Want to sanity-check energy claims you hear? Independent sources like Cambridge’s Bitcoin Electricity Consumption Index offer baseline data, and grid operators such as ERCOT routinely publish demand response records. I like to compare those against mining episodes to keep my own bias in check.

How to sample efficiently

Time is scarce. Here’s a three-episode test that works:

  • Pick one “beginner” episode: Something on security, wallets, or “why Bitcoin” with a clear outline.
  • Pick one “energy/mining” episode: Focus on grid dynamics, curtailment, or stranded energy economics.
  • Pick one “macro/regulatory” episode: Debt, inflation, or legal frameworks from a credible guest.

If two out of three hold your attention, subscribe. Then use the site’s show notes, timestamps, and often full transcripts to jump straight to the parts you care about. I also keep a notes doc of ideas, sources, and names to research—turns passive listening into active learning.

One more thing: the best insights often appear when guests disagree. Episodes where energy researchers and miners compare notes are gold because the friction forces clarity.

You’ve heard the show; now see how this philosophy spills into the real world. Curious how a lower-league football club became a Bitcoin education hub and community experiment? That’s up next…

Beyond the mic: Real Bedford and other projects

If you only know Peter for the podcast, you’re missing half the picture. He’s been building in the real world too—and that context colors how he uses X, who he invites on the mic, and the kind of community he’s growing around Bitcoin.

Real Bedford FC

Real Bedford is a small English football club with a big, Bitcoin-forward identity. Think grassroots football meets open-source ethos: public, scrappy, and powered by a global community that doesn’t mind supporting a lower-league side because the mission resonates.

  • Bitcoin-friendly by design: Merch and tickets are often available with Bitcoin, sponsorship slots are open to Bitcoin-native companies, and matchdays double as soft onboarding for locals who just want a good game and a clear explanation of why this matters.
  • Global reach for a local club: A Saturday fixture might pull in fans from Bedford—and orders from far beyond the UK. That cross-border energy is rare for clubs at this level, and it funds real upgrades: better facilities, youth development, and consistent community programming.
  • Education via the badge: The club creates a visible, low-pressure “Bitcoin 101” environment. It’s easier to ask questions about money over a pie at halftime than on a Telegram thread.

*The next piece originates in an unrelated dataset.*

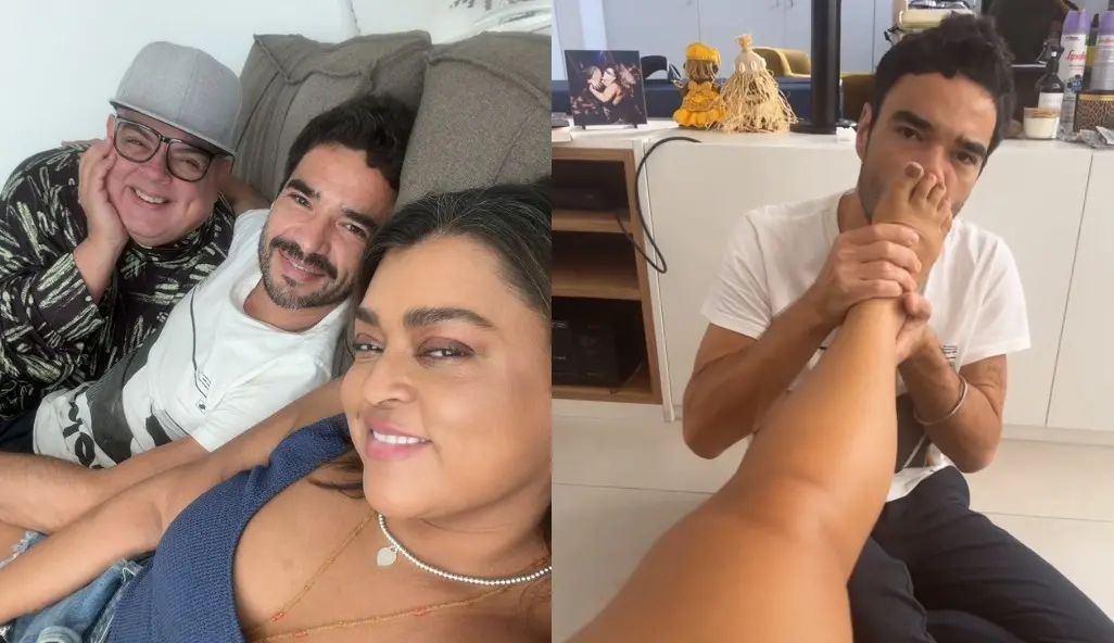 "O melhor massagista que tem", declarou Preta em rede social. Ao ouvir o elogio, o ator deu um beijo no pé da cantora.
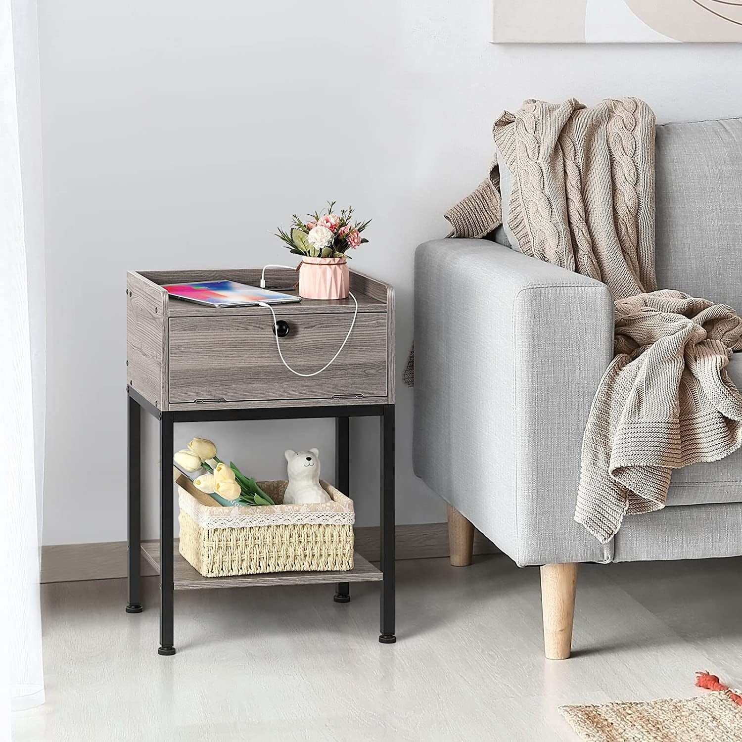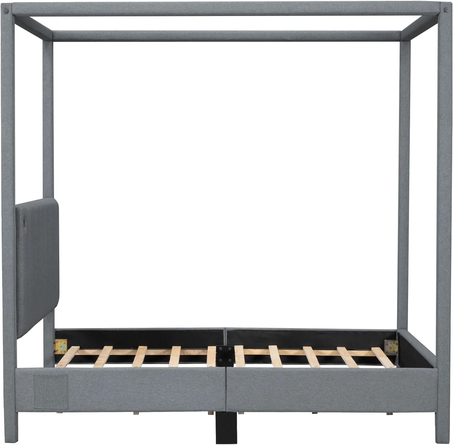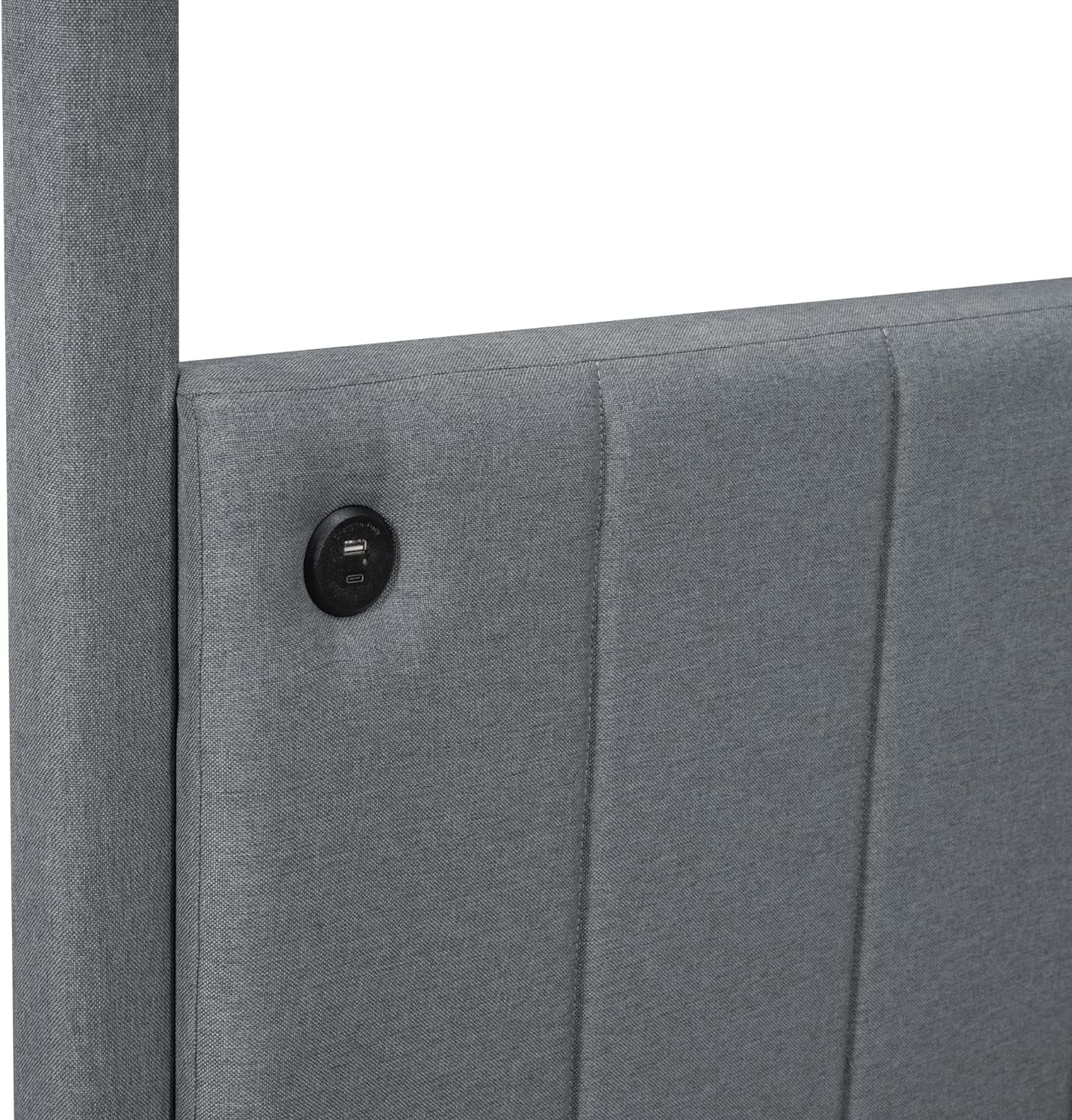 Upholstery Full Size Canopy Platform Bed with Headboard, Full Platform Bed Frame with USB and Type-C Ports,Modern 4 Poster Bed for Teens Adults, No Box Spring Needed

“If you want to understand a movement, watch what its people build—not just what they post.”

There’s a reason this works. Research from sport bodies like Sport England has repeatedly tied local clubs to higher wellbeing, stronger social connections, and more volunteering. Pair that with Bitcoin’s open, internet-native culture and you get a flywheel: a club that helps the town, a town that gives the club purpose, and a global fanbase that keeps the lights bright.

Want a quick taste? Check the fixture list on realbedford.com, scan the sponsors on the kit, and watch how often match threads pull in Bitcoiners you’d normally only see at conferences. It’s football as onboarding, and onboarding as football.

Events and community building

Peter’s calendar isn’t just studio time. He’s consistently out in the wild with formats that make Bitcoin feel accessible—and useful.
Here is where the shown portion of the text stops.